[Items listed in a dataset]
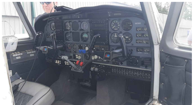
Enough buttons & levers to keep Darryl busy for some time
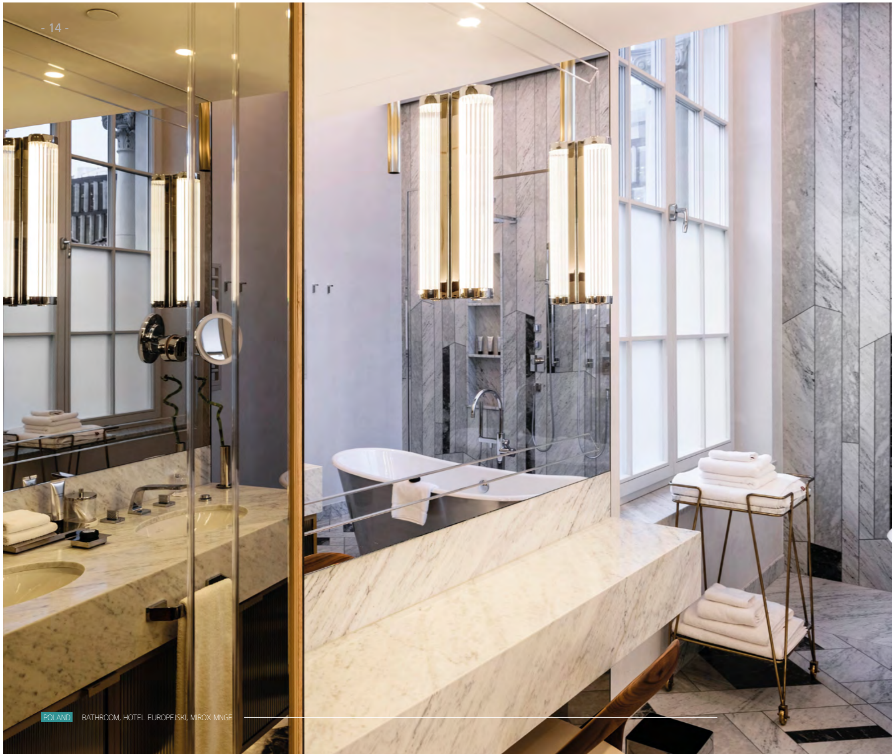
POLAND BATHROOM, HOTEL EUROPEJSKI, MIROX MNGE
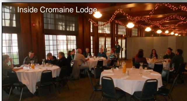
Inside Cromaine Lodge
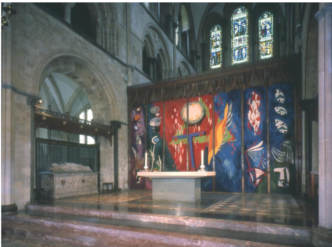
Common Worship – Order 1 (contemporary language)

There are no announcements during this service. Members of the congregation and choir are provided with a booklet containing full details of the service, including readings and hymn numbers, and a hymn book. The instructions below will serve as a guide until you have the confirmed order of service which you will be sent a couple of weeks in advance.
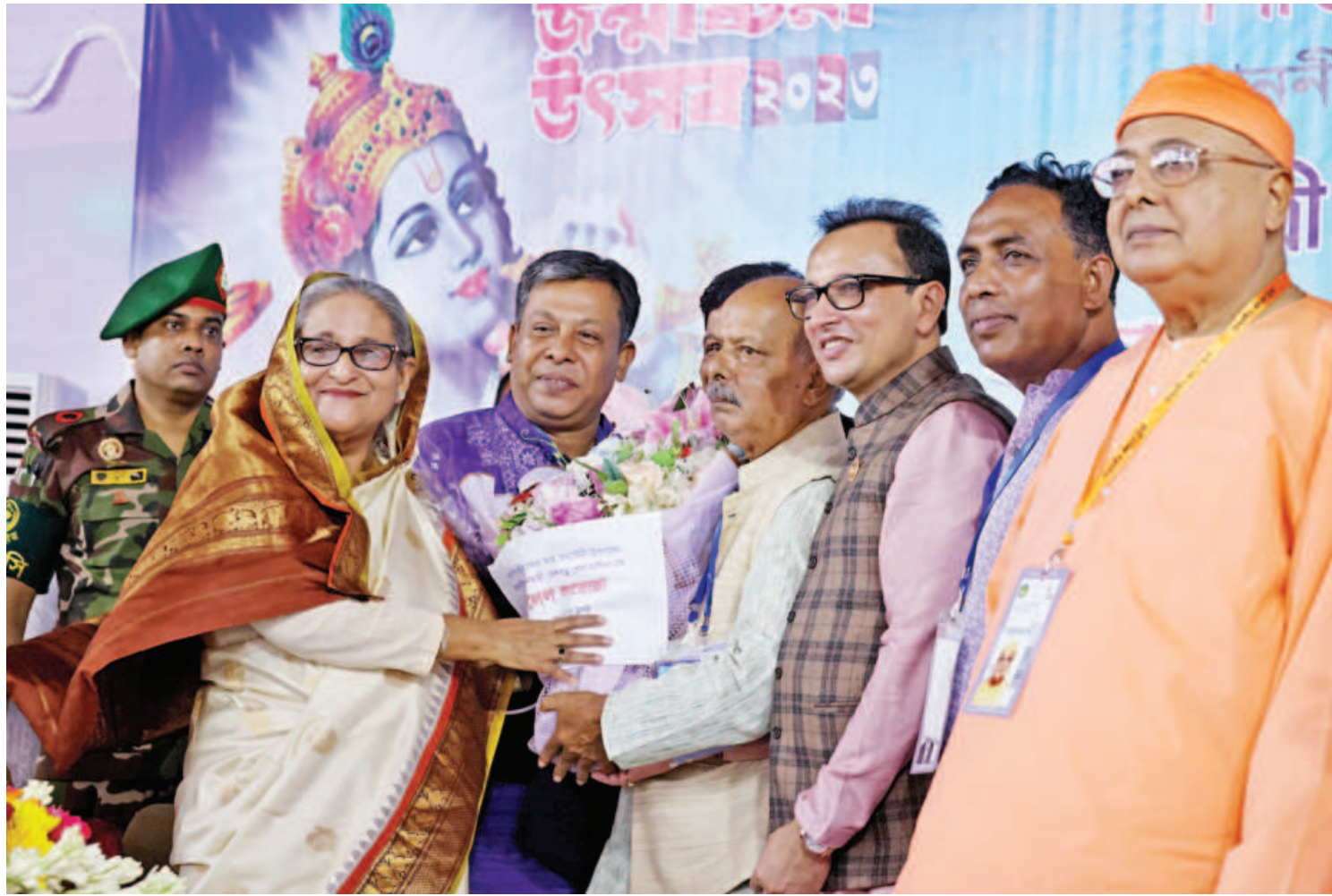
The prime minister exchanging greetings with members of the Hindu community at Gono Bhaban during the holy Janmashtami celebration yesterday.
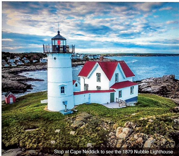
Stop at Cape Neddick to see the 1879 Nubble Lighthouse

#### What you need to do
Check the records above and copy each line that has the string "during".

#### Result of the exercise
There are no announcements during this service. Members of the congregation and choir are provided with a booklet containing full details of the service, including readings and hymn numbers, and a hymn book. The instructions below will serve as a guide until you have the confirmed order of service which you will be sent a couple of weeks in advance.
The prime minister exchanging greetings with members of the Hindu community at Gono Bhaban during the holy Janmashtami celebration yesterday.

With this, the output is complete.